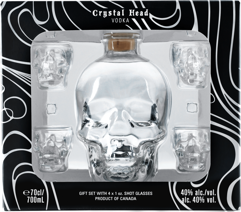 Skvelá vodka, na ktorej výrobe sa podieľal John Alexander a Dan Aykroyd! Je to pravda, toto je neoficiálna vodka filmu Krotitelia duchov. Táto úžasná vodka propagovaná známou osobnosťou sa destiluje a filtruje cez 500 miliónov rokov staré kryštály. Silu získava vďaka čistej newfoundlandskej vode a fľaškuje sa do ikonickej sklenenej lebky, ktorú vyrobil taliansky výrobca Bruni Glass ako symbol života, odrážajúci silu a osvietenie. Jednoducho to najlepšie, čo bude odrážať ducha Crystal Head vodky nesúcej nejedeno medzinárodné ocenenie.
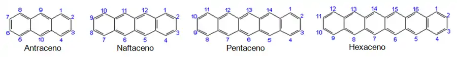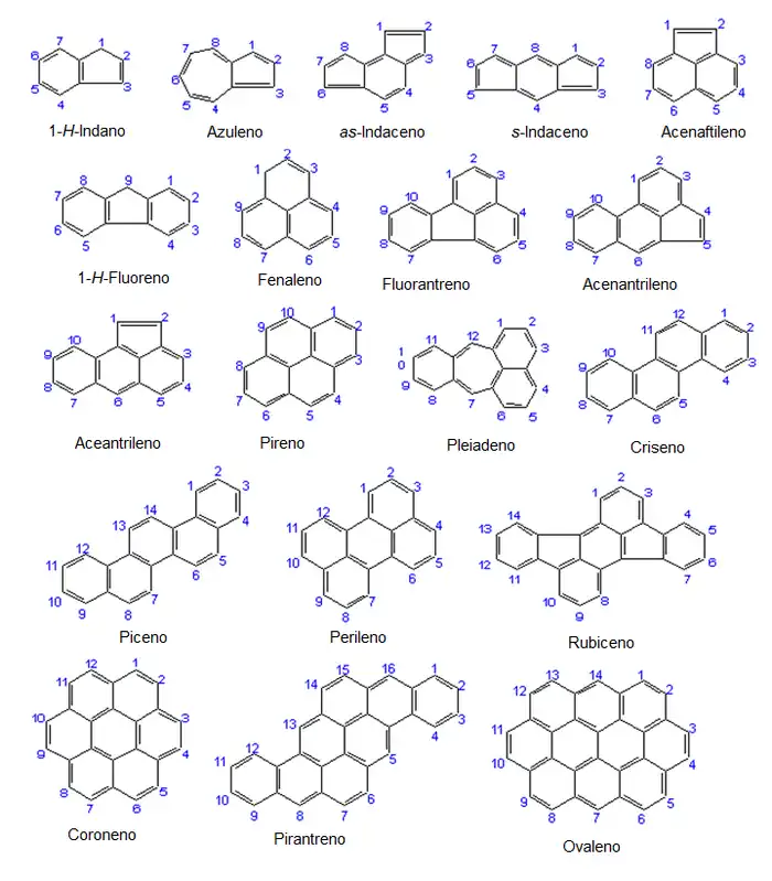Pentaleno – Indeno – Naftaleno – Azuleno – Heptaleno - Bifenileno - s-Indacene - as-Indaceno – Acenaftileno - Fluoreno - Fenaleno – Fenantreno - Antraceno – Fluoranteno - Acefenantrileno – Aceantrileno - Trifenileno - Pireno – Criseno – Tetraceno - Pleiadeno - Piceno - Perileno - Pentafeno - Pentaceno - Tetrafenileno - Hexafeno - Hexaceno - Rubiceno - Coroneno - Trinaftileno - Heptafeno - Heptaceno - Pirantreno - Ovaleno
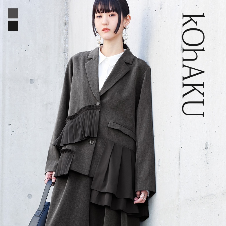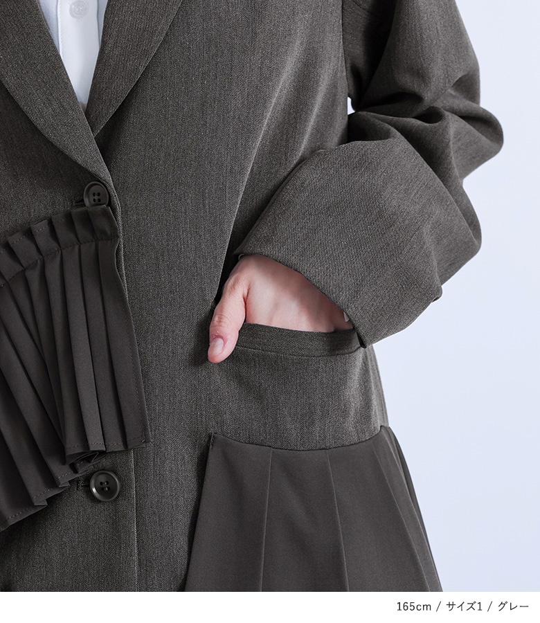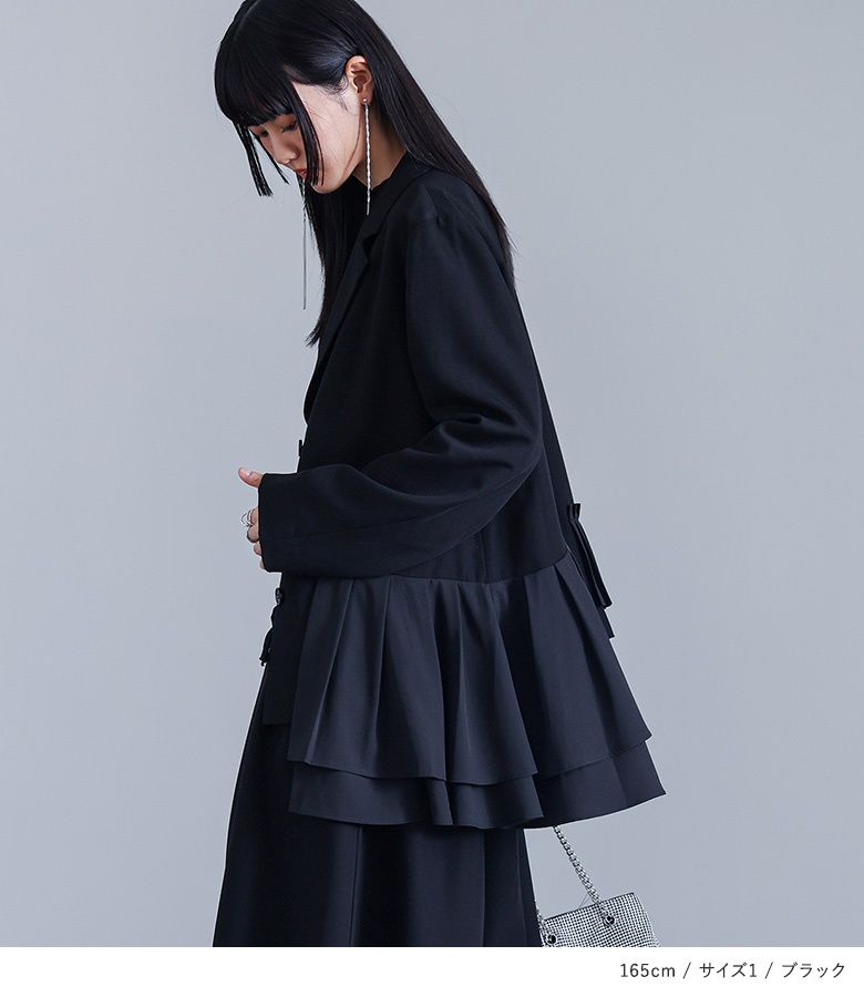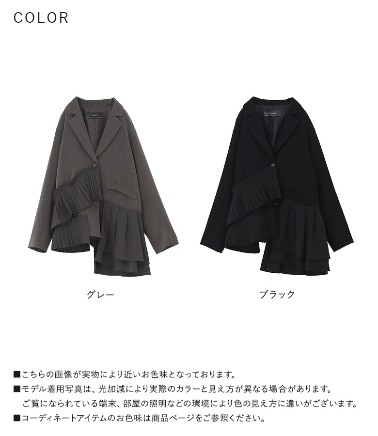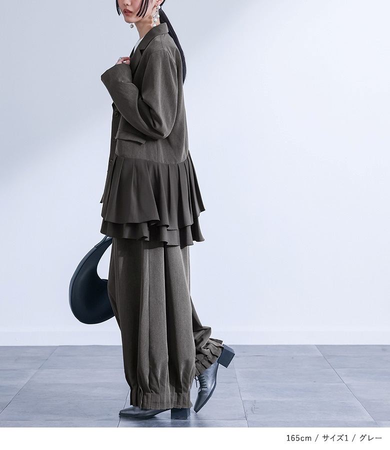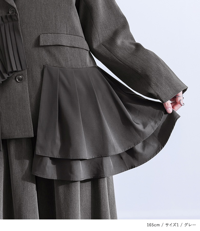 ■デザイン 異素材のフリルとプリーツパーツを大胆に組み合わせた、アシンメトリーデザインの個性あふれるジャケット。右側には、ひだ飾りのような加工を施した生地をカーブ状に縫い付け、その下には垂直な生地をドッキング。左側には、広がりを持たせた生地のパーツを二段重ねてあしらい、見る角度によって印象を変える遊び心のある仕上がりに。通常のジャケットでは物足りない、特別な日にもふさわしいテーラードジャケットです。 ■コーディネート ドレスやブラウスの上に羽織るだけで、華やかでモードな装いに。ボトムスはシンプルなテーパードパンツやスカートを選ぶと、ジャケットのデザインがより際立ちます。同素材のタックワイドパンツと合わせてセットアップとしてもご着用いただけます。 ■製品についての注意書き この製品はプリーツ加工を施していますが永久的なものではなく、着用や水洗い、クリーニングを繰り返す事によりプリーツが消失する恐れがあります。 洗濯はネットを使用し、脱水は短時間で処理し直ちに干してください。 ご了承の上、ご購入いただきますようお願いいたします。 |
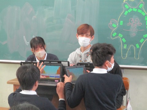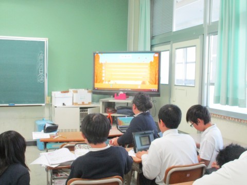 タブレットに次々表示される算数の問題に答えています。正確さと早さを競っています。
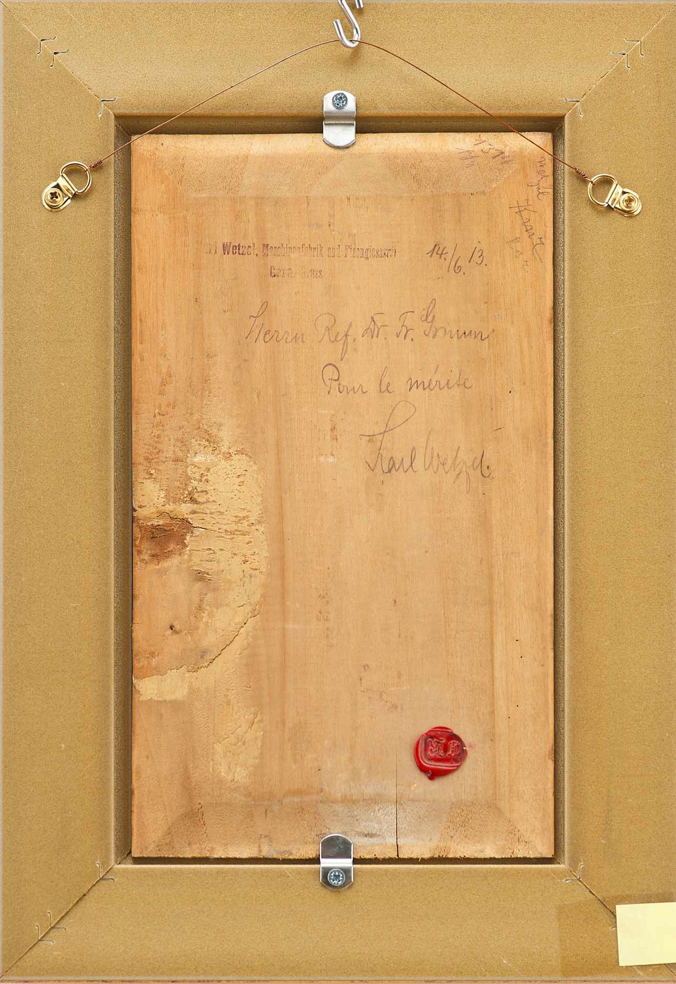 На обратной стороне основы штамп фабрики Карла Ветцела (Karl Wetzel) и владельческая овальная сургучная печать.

────────────────────

The required result is an exact copy of the lines from the line containing "洗濯はネットを使用し、脱水は短時間で処理し直ちに干してください。 ご了承の上、ご購入いただきますようお願いいたします。 |" through the end of the entries, with every picture left out.

REPLY |
 ■デザイン 異素材のフリルとプリーツパーツを大胆に組み合わせた、アシンメトリーデザインの個性あふれるジャケット。右側には、ひだ飾りのような加工を施した生地をカーブ状に縫い付け、その下には垂直な生地をドッキング。左側には、広がりを持たせた生地のパーツを二段重ねてあしらい、見る角度によって印象を変える遊び心のある仕上がりに。通常のジャケットでは物足りない、特別な日にもふさわしいテーラードジャケットです。 ■コーディネート ドレスやブラウスの上に羽織るだけで、華やかでモードな装いに。ボトムスはシンプルなテーパードパンツやスカートを選ぶと、ジャケットのデザインがより際立ちます。同素材のタックワイドパンツと合わせてセットアップとしてもご着用いただけます。 ■製品についての注意書き この製品はプリーツ加工を施していますが永久的なものではなく、着用や水洗い、クリーニングを繰り返す事によりプリーツが消失する恐れがあります。 洗濯はネットを使用し、脱水は短時間で処理し直ちに干してください。 ご了承の上、ご購入いただきますようお願いいたします。 |
 タブレットに次々表示される算数の問題に答えています。正確さと早さを競っています。
 На обратной стороне основы штамп фабрики Карла Ветцела (Karl Wetzel) и владельческая овальная сургучная печать.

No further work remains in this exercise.